Before we start, a slight admission: I probably shouldn’t care about Prince’s music streaming online as much as I currently do.
In fact, if we’re being completely honest, I was all for it as recently as January of this year, when I first shared on the Inquisitr that the singer’s estate had relented on a ban that the singer imposed on the practice while he was still alive.
Stronger still, I even had the best yet simplistic argument to combat those who felt the push to have Prince music streaming outside of Tidal, the Jay-Z owned web space where the “purple one” allowed his final two albums, HITNRUN Phases One & Two, to be hosted on for a time (albeit extended illegally), was a wrong one.
“Even Mr.
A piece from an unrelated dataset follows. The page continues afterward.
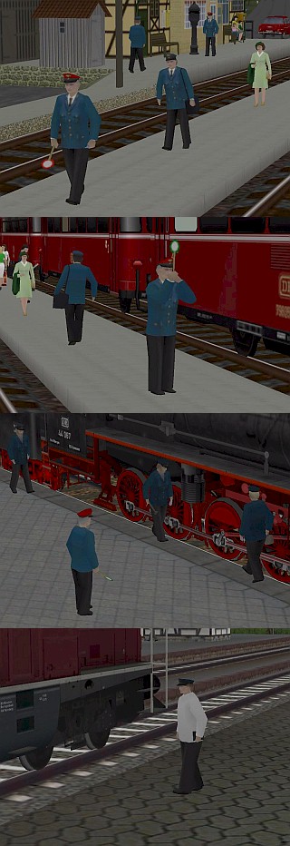 Gehendes DB-Personal Set 1 incl. Update Beschreibung: Das Set enthält gehendes Personal der Deutschen Bundesbahn, wie es auf den Bahnhöfen und Bahnbetriebswerken anzutreffen war. Einsatz: Ab Epoche III-IV Inhalt und Installation: Lieferumfang: 8 Modelle Resourcen\Rollmaterial\Figuren oder Andere: DB-Zugfuehrer_BH1.gsb Sounds/KONTAKT: Trillerpfeife_BH1.wav Hinweis: Die Modelle sind für den Einsatz auf einspurigen

Tidal himself,” I pictured myself saying, “has his albums available on Spotify.”
But, that was then. Today, just as I had reported on, on the same day as the 59th Annual Grammy Awards, a majority of hits, album cuts and remixes that were crafted to aural perfection by the one and only Prince Rogers Nelson, were unleashed in mass to popular streaming services Spotify, Apple Music, Google Play, Pandora, and Deezer, which I’d never even heard of before the Prince music streaming announcement, by the way.
And on this day, just as expected, I immediately began adding my favorite Prince songs to my personal playlists on my Spotify account and started grooving along. But then, in the middle of one of my all-time favorite jams from the Purple Rain icon, “I Wanna Be Your Lover,” something started to really kick up inside of me; a strong feeling, and a really weird one, at that. It was almost as if I felt a little dirty, and not in a way that the Dirty Mind performer would have approved of, either.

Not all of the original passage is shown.